Property prices are continuing to rise in the vast majority of key nations around the world, but growth is moderating, according to the latest global residential real estate index.
Overall prices in the 57 countries covered by the Knight Frank index increased by 4.7% in the year to June 2018 and only seven saw prices fall year on year.
Growth was led by Malta where prices increased by 17%, followed by Hong Kong up by 16.9%, Latvia up 13.7%, Slovenia up 13.4%, Hungary up 12.2%, Ireland up 12%, Turkey up 10.5% and Mexico up 9.9%.
Prices fell by 4.5% in Ukraine, by 1.6% in Peru, by 1.3% in Saudi Arabia, by 0.7% in Brazil, by 0.4% in Italy, by 0.3% in Finland, by 0.2% in Israel and were flat in Sweden and Morocco while prices increased by just 0.8% in Greece.

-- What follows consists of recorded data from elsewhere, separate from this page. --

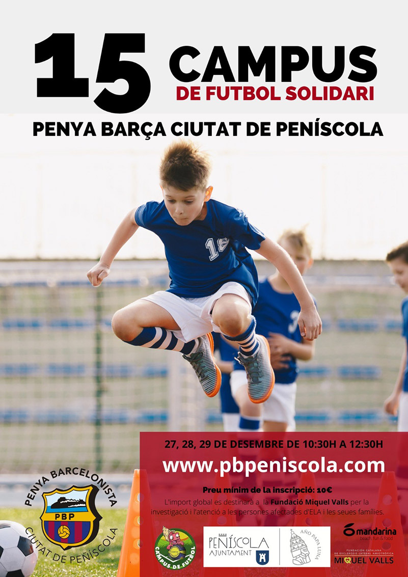El área de Deportes del Ayuntamiento de Peñíscola, junto a la Penya Barcelonista del municipio ha presentado la décimo quinta edición del Campus de Fútbol Solidario que acogerá la localidad durante los días 27, 28 y 29 de diciembre.
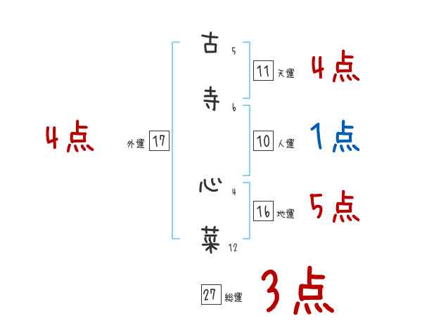 天運![]() | 古寺心菜さんの天運は11画の4つ星!着実に富や地位を得る幸運な人生。 家系が持つ宿命的な運勢を表します。祖先から受け継いだ苗字ですので自分の力が及びません。家柄を象徴します。 |
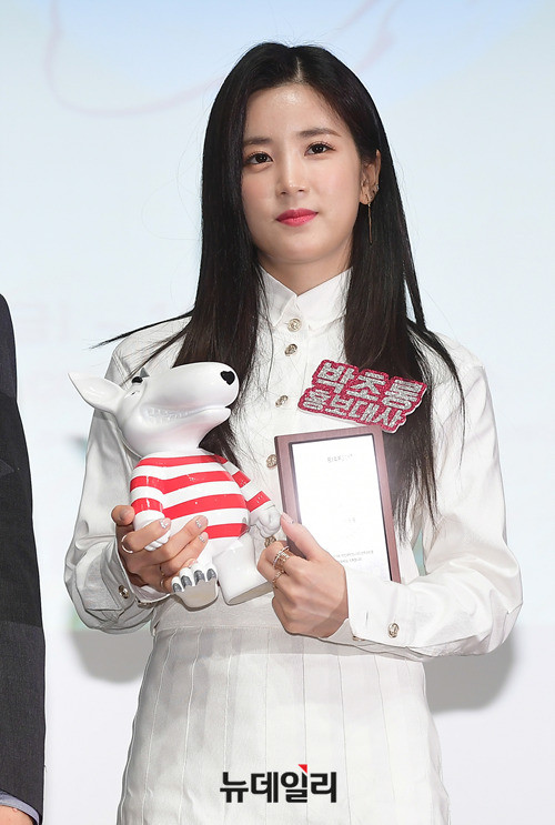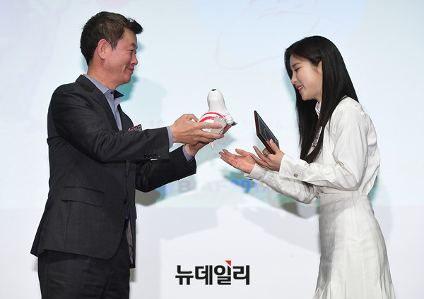 윤갑용 조직위원장이 20일 오전 한국프레스센터 국제회의장에서 열린 부천국제애니메이션페스티벌(BIAF2017) 기자회견 직후 위촉식에서 에이핑크 초롱에게 위촉패와 캐릭터 인형을 전달하고 있다.
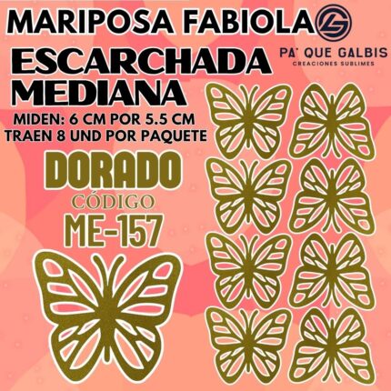 Mariposas Medianas Fabiola Dorado Escarchada 1 paquete contiene 8 und. código ME-157
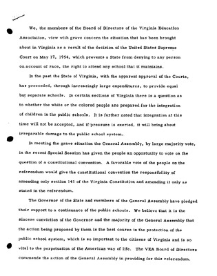 EWP 1-4-3 Yr Abt 1956 Virginisa Education Association Supports Segregation
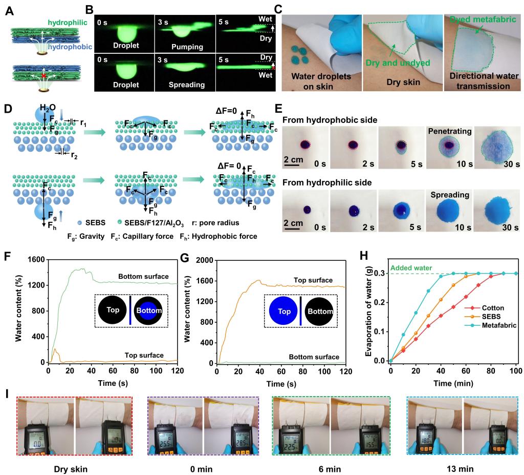 3.将生物相容性F127聚合物和高折射率(n≈1.8)Al2O3光散射体集成到SEBS织物上时,该层级结构超织物具有很高的光谱选择性。在晴天(~6.5oC)和阴天(~4.5oC)都能实现优异的亚环境温度冷却。F127的加入一方面增强了热辐射发射率;另一方面,它在定向输送汗液中起关键作用。具有高太阳反射率的Al2O3纳米颗粒同时提供了一个粗糙的微纳米纤维表面,促进汗水蒸发,实现“一石二鸟”的功能。

Kate Everett-Allen, residential research partner at Knight Frank, pointed out that cities in central and Eastern European countries are performing strongly and all eyes are on Hong Kong, Singapore, and New Zealand where new property regulations have been introduced in the last three months and where prices increased by 16%, 9% and 7% respectively.
She also pointed out that only 12% of countries and territories registered a decline in prices in annual terms and no market has recorded a double digit decline in house prices over the last six quarters.
‘Five years ago, 30% of countries were recording a drop in house prices, and ten years ago, in the wake of the financial crisis, the figure was as high as 70%. Yet despite this improving scenario, at 4.7% the index has recorded its slowest rate of annual growth since the third quarter of 2016,’ she said.
‘Our analysis confirms that whilst fewer countries and territories are seeing a decline in house prices, where prices are rising, they are rising at a more moderate pace. The rising cost of finance, an uncertain political and economic climate and currency instability in some markets is likely to be tempering demand,’ she explained.
‘Hong Kong acts a case in point. A city which has led our rankings for price growth on ten occasions since 2009, is expected to cool in the coming months as a result of rising interest rates. Along with Singapore and New Zealand, Hong Kong has also seen new property market regulations introduced in the last three months,’ she added.
At the same time central and Eastern Europe is emerging as a region of strong growth. Latvia, Slovenia and Hungary all saw prices accelerate by between 12% and 14% over the year to June 2018 and the region as a whole registered average growth of 8% compared with 5.1% for the rest of Europe.
‘Strengthening economies, improving employment and the wider availability of low rate mortgages are behind the region’s strong performance. Turkey’s travails mean that although prices are rising at an annual rate of 11%, according to the latest data from the Central Bank of the Republic of Turkey, when inflation of 16% plus is factored in, prices in real terms are now falling,’ said Everett-Allen.
‘With the 10 year anniversary of the collapse of Lehman Brothers approaching on 15 September, a brief look at house prices over this period, where data permits, shows mainstream house prices in 12 of the 57 countries are still below their third quarter 2008 level, including those in Spain, Ireland, Italy, Greece and Russia,’ she concluded.